That makes sense. I'll take a look at your cross-referenced glossary and think about it some more.

Thanks!

Justin

mbutterick commented 6 years ago

A pagetree won’t compile with duplicate pagenode names. Your pt2 is a little mischievous because it mixes the input path book.poly.pm with its output path book.html. The pagetree compiler won’t forbid this. But it won’t work correctly in the project server.

(BTW I was just fiddling around with poly files, index.ptree, and the project server — seems like it permits any extension included in poly-targets, or poly itself. So in this case, I would recommend adopting the convention of book.poly, inept.poly, etc)

If you like the way your pagenode-index-of works, I wouldn’t talk you out of it. Pagetrees are not necessarily flat lists, however, so it’s unclear to me how it would behave in the general case. (This is in fact why I include the children and siblings etc. functions — so you can pull out a list of pagenodes and then use the usual list functions.)

jlorieau commented 6 years ago

Thanks for the reply.

A pagetree won’t compile with duplicate pagenode names. Your pt2 is a little mischievous because it mixes the input path book.poly.pm with its output path book.html. The pagetree compiler won’t forbid this. But it won’t work correctly in the project server.

Are there cases when there could be duplicate base filenames? (i.e. "book.pm" "book.pp") The duplicate checking is for cases when the base filename (and relative path) are the same for two or more entries. If you'd like to include this code, I could clean up the tests in a PR. I'd also rename the function to index-of-pagenode (It's no problem if you'd rather not include it.)

Pagetrees are not necessarily flat lists, however, so it’s unclear to me how it would behave in the general case.

I would keep the functionality on par with index-of, which also does not search recursively. Implementing a recursive search would be fairly straightforward, in which case it would return a list--but I would call this something else. Such a function would be useful for Racket too, come to think of it.

(index-of '(1 2 '(3 4 5) 3) 5) ; #f
(index-where '(1 2 '(3 4 5) 3) 5) ; '(2 2)

mbutterick commented 6 years ago

Are there cases when there could be duplicate base filenames? (i.e. "book.pm" "book.pp")

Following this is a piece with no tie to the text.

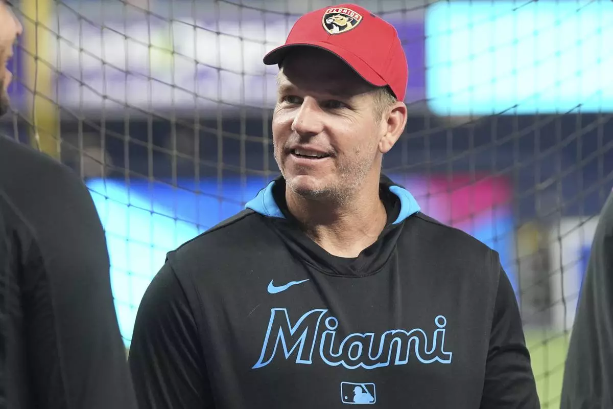 Miami Marlins manager Clayton McCullough wears a Florida Panthers cap before a baseball game against the San Francisco Giants, Friday, May 30, 2025, in Miami. (AP Photo/Lynne Sladky)

Pollen expects a one-to-one relationship between input and output files. If it finds book.pm and book.pp in one directory, it will ignore book.pp, because they both want to produce a file called book.

index-of-pagenode

Ah, but check out the optional third argument to index-of, which controls how items are compared. Your function could be rewritten like so:

#lang racket
(require racket/list
         sugar/test)

(provide pagenode-index-of)

(define (node-prefixes-eq? y z)
  (define (node-prefix x) (string->symbol (car (string-split (symbol->string x) "."))))
  (eq? (node-prefix y) (node-prefix z)))

(define (pagenode-index-of pagetree pagenode)
  (or (index-of pagetree pagenode)
      (match (indexes-of pagetree pagenode node-prefixes-eq?)
        [(list first-and-only-index) first-and-only-index]
        [else #f]))) 

(module-test-external
 (require racket/list)
 (define pt1 '(pagetree-root
               book.poly.pm
               fundamentals_soln_nmr/inept/inept.poly.pm))
 (check-equal? (pagenode-index-of pt1 'book.poly.pm) 1
               "Test exact match")
 (check-equal? (pagenode-index-of pt1 'book) 1
               "Test match on base filename")
 (check-equal? (pagenode-index-of pt1 'book.html) 1
               "Test match on base filename with different extension")
 (check-equal? (pagenode-index-of pt1 'book2.html) #f
               "Test mismatch on base filename")
 (define pt2 '(pagetree-root
               book.poly.pm
               book.html
               fundamentals_soln_nmr/inept/inept.poly.pm))
 (check-equal? (pagenode-index-of pt2 'book.poly.pm) 1
               "Test exact match with a duplicate in pagetree")
 (check-equal? (pagenode-index-of pt2 'book) #f
               "Test match on base filename, but with duplicate")
 (check-equal? (pagenode-index-of pt2 'book.pdf) #f
               "Test match on base filename with different extension for pagetree with duplicate.")
 )

(index-where '(1 2 '(3 4 5) 3) 5) ; '(2 2)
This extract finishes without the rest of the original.